--- COLLECTED MATERIAL ---
※
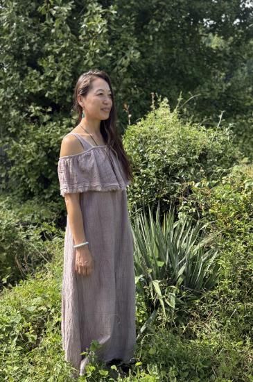 手紡ぎ∞手織り∞手縫い∞オーガニックコットン&ヘンプコットン&リネンコットン∞フラワー繋ぎワンピース☆(母乳対応)草木染め
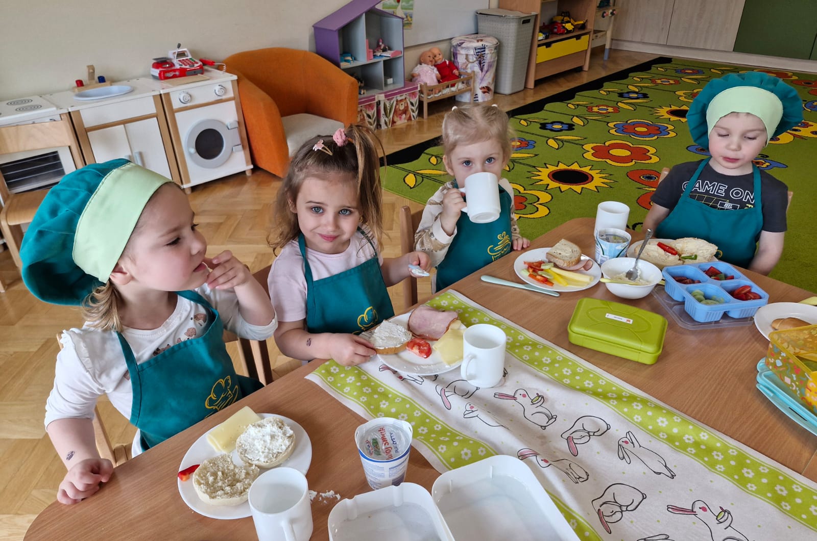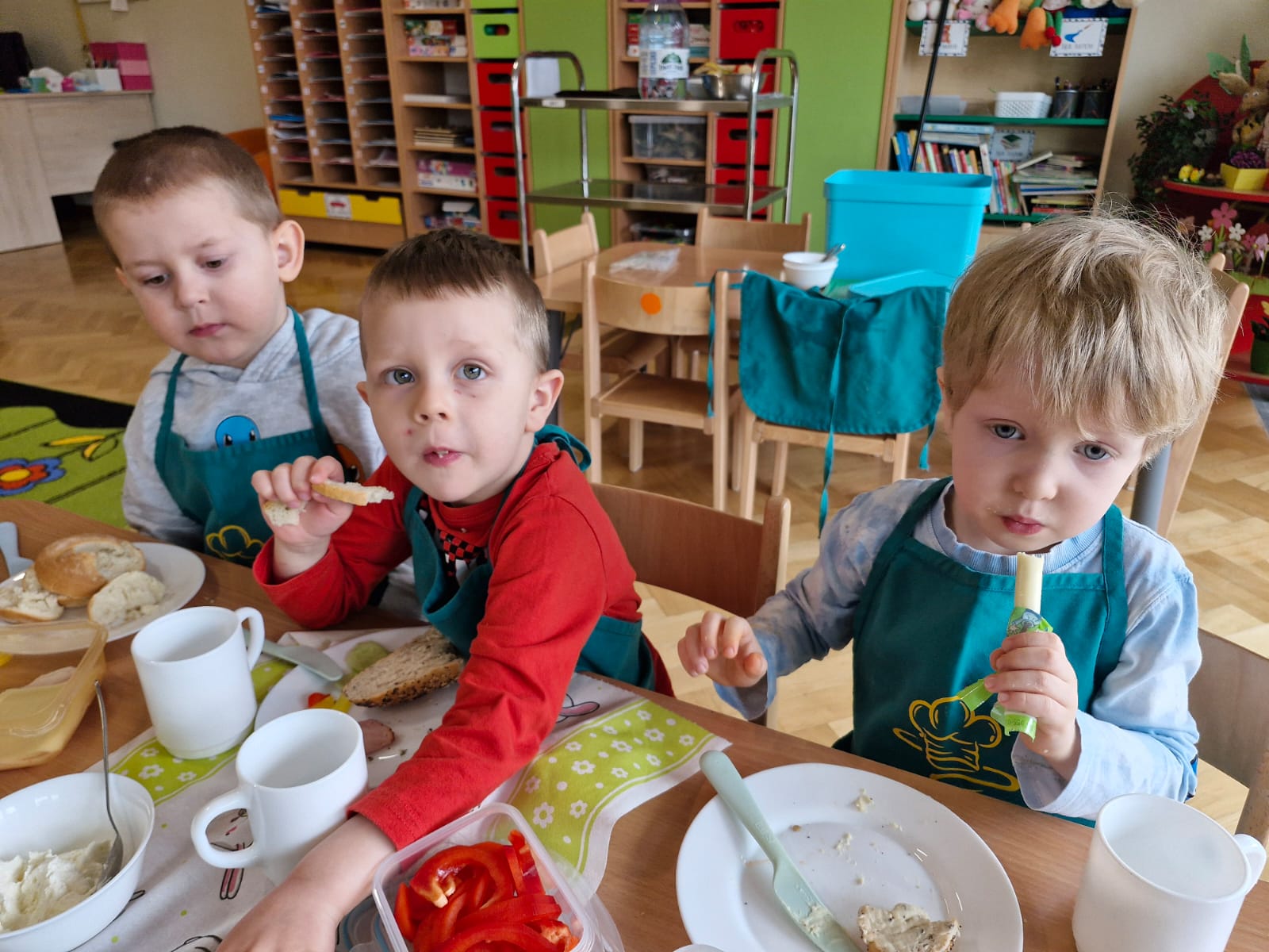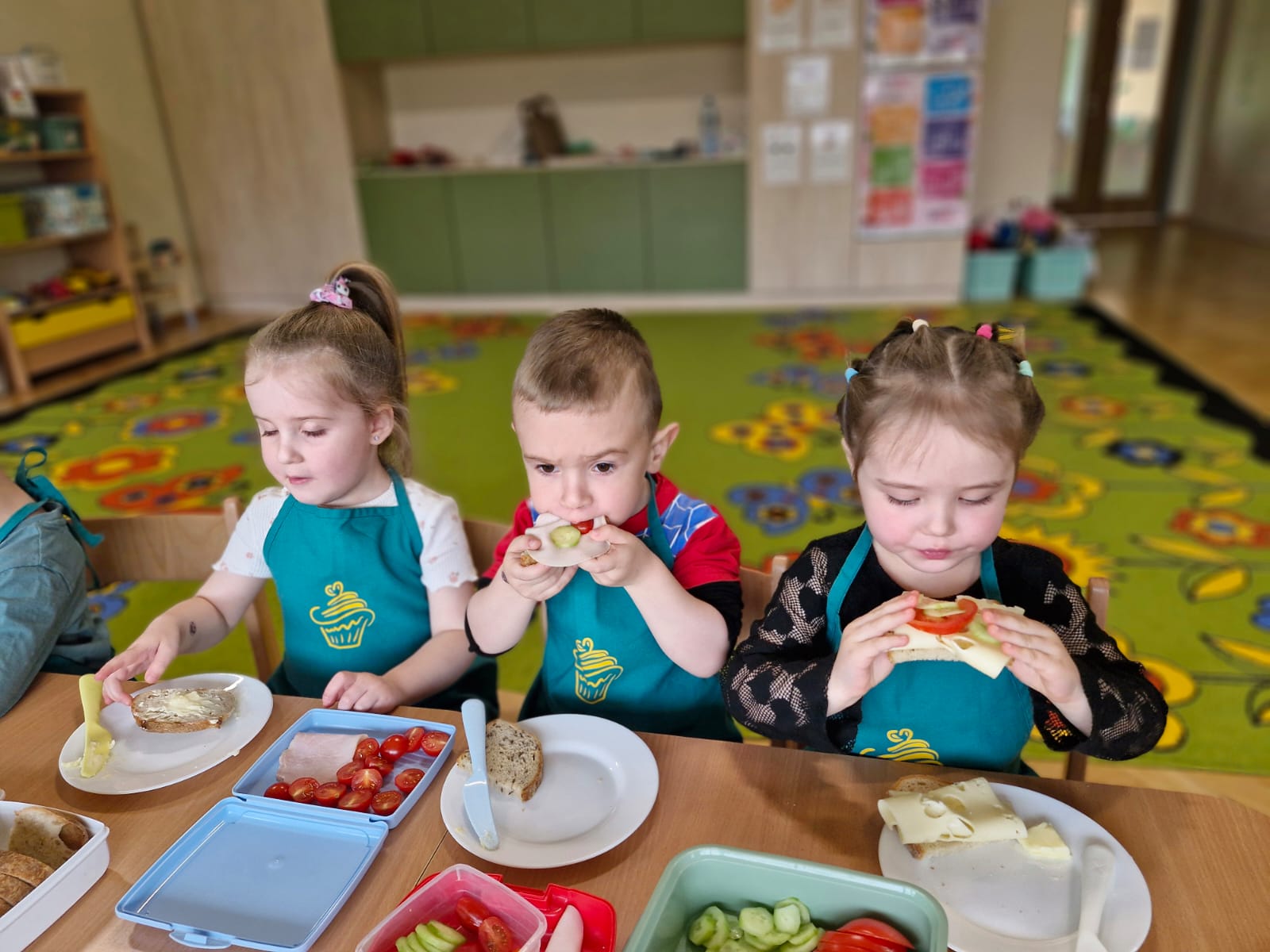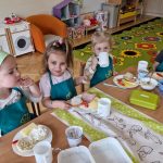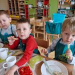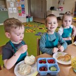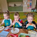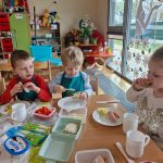 Dziś w naszym przedszkolu było naprawdę smacznie! W ramach innowacji pedagogicznej „Kraina Zmysłów – sensoryczna podróż przez świat natury” odbyło się niezwykłe śniadanie. Dzieci samodzielnie przygotowywały swoje kanapki, wybierając ulubione składniki i komponując je według własnych pomysłów. Jeżyki z apetytem próbowały, kroiły i degustowały, ćwicząc przy tym samodzielność oraz prawidłowe posługiwanie się sztućcami. Przedszkolaki z ogromnym zaangażowaniem tworzyły swoje kanapki, a satysfakcja z własnoręcznie przygotowanego posiłku była bezcenna. Nie zabrakło też uśmiechów i radości przy wspólnym stole. Takie chwile to nie tylko jedzenie, ale również ważna nauka – zdrowych nawyków, kultury spożywania posiłków oraz wspólnego spędzania czasu. Smacznie, zdrowo i z uśmiechem – tak właśnie jemy w naszym przedszkolu!
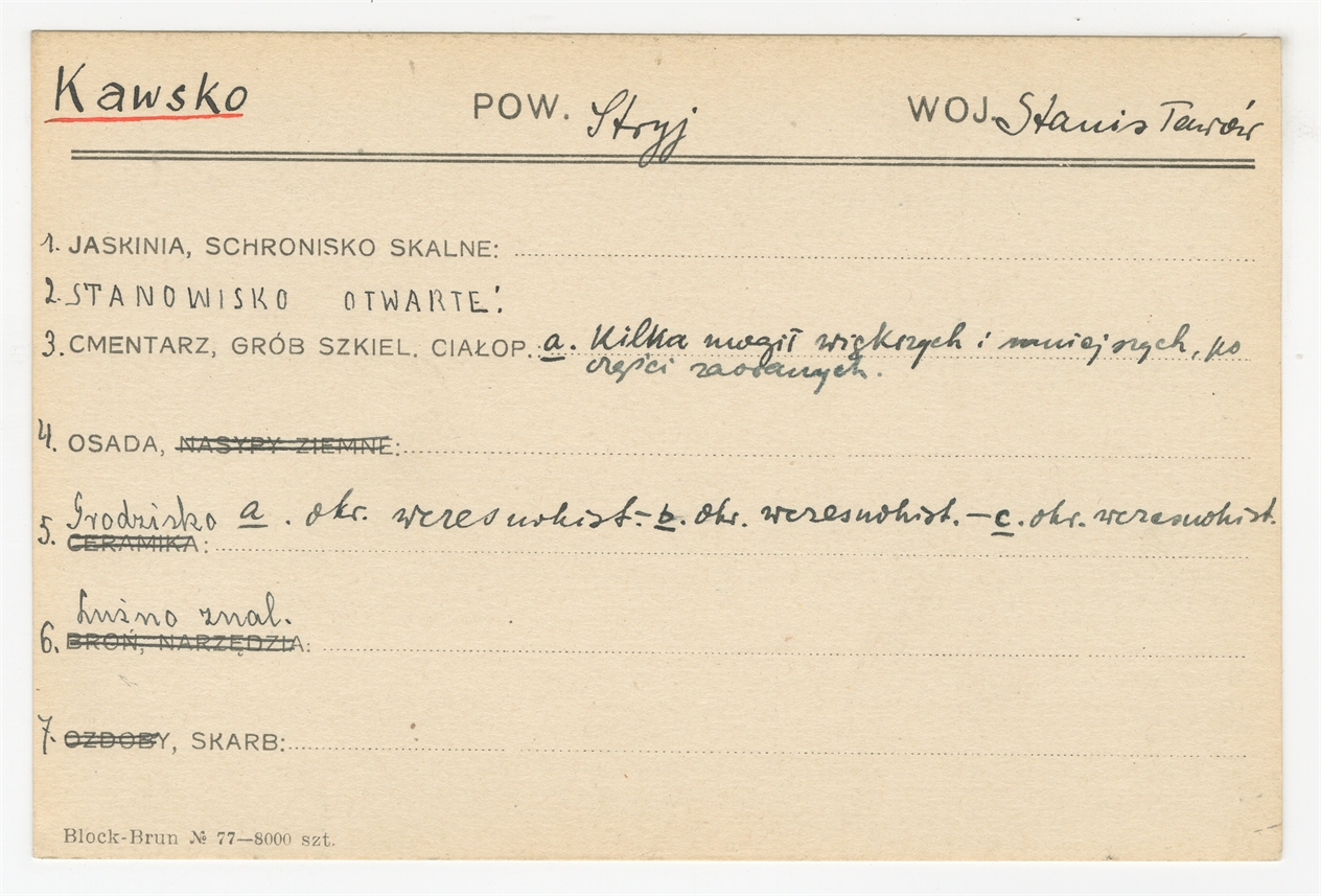 Karta stanowiska "Kawsko pow. Stryj woj. Stanisławów" (druk rękopis) - strona 1
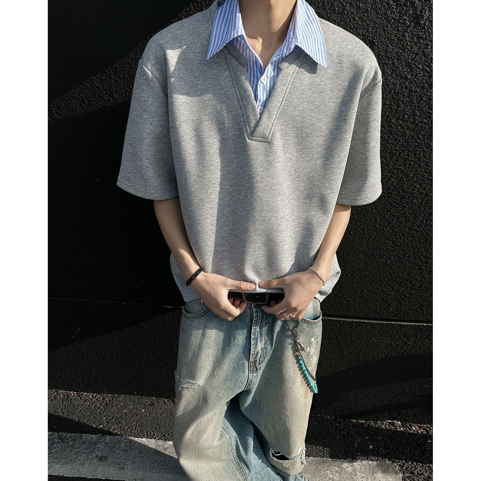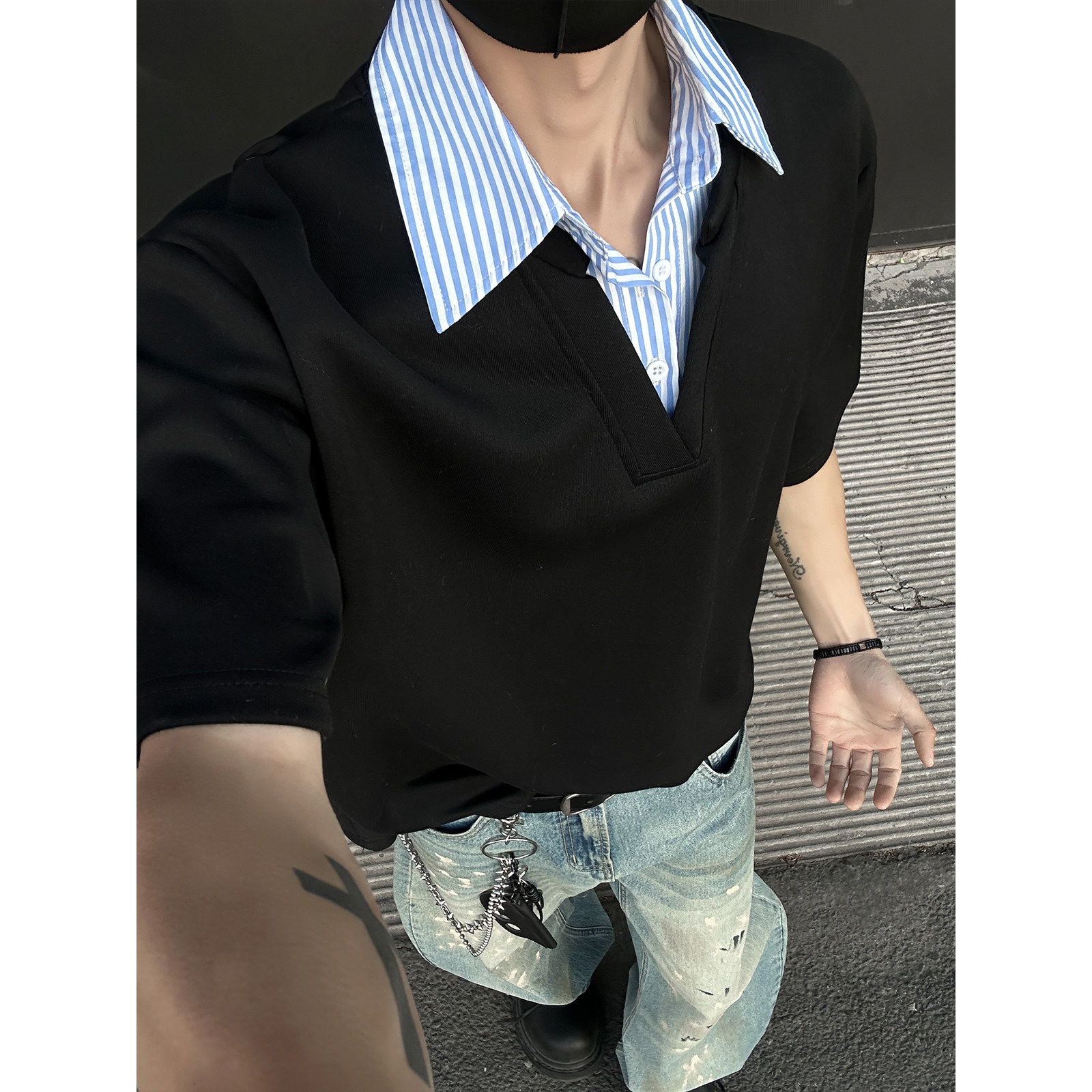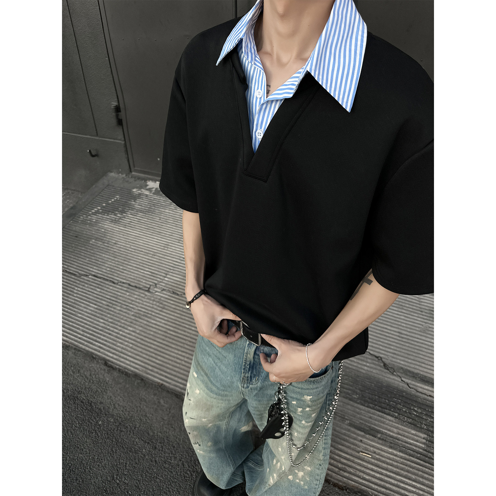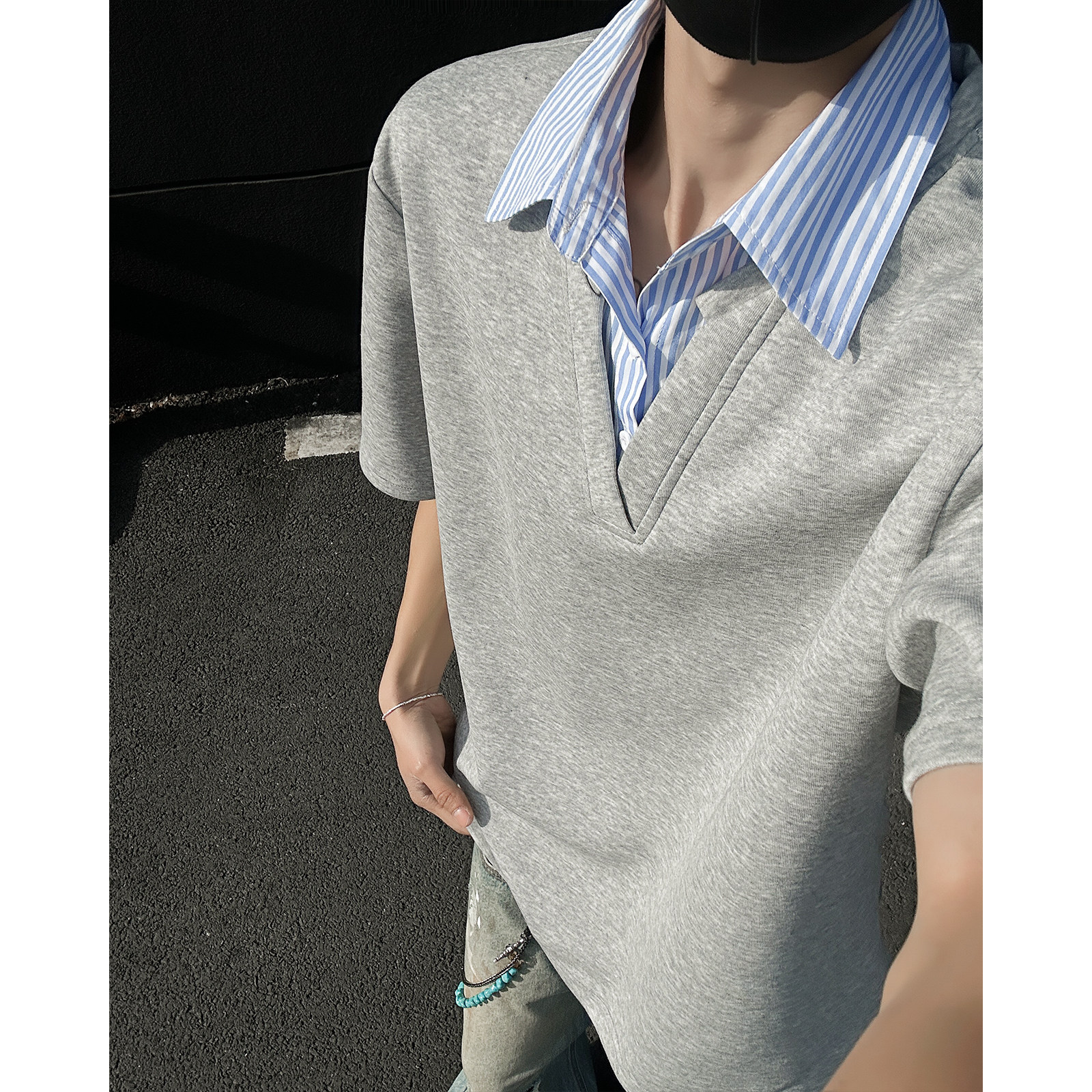Комплект, рубашка, летняя футболка с коротким рукавом, имитация рубашки, изысканный стиль, воротник поло, свободный крой
※
--- EXERCISE ---
A faithful, word-for-word copy of the data is needed; the pictures should not appear in it.

--- EXERCISE RESULT ---
 手紡ぎ∞手織り∞手縫い∞オーガニックコットン&ヘンプコットン&リネンコットン∞フラワー繋ぎワンピース☆(母乳対応)草木染め
 Dziś w naszym przedszkolu było naprawdę smacznie! W ramach innowacji pedagogicznej „Kraina Zmysłów – sensoryczna podróż przez świat natury” odbyło się niezwykłe śniadanie. Dzieci samodzielnie przygotowywały swoje kanapki, wybierając ulubione składniki i komponując je według własnych pomysłów. Jeżyki z apetytem próbowały, kroiły i degustowały, ćwicząc przy tym samodzielność oraz prawidłowe posługiwanie się sztućcami. Przedszkolaki z ogromnym zaangażowaniem tworzyły swoje kanapki, a satysfakcja z własnoręcznie przygotowanego posiłku była bezcenna. Nie zabrakło też uśmiechów i radości przy wspólnym stole. Takie chwile to nie tylko jedzenie, ale również ważna nauka – zdrowych nawyków, kultury spożywania posiłków oraz wspólnego spędzania czasu. Smacznie, zdrowo i z uśmiechem – tak właśnie jemy w naszym przedszkolu!
 Karta stanowiska "Kawsko pow. Stryj woj. Stanisławów" (druk rękopis) - strona 1
Комплект, рубашка, летняя футболка с коротким рукавом, имитация рубашки, изысканный стиль, воротник поло, свободный крой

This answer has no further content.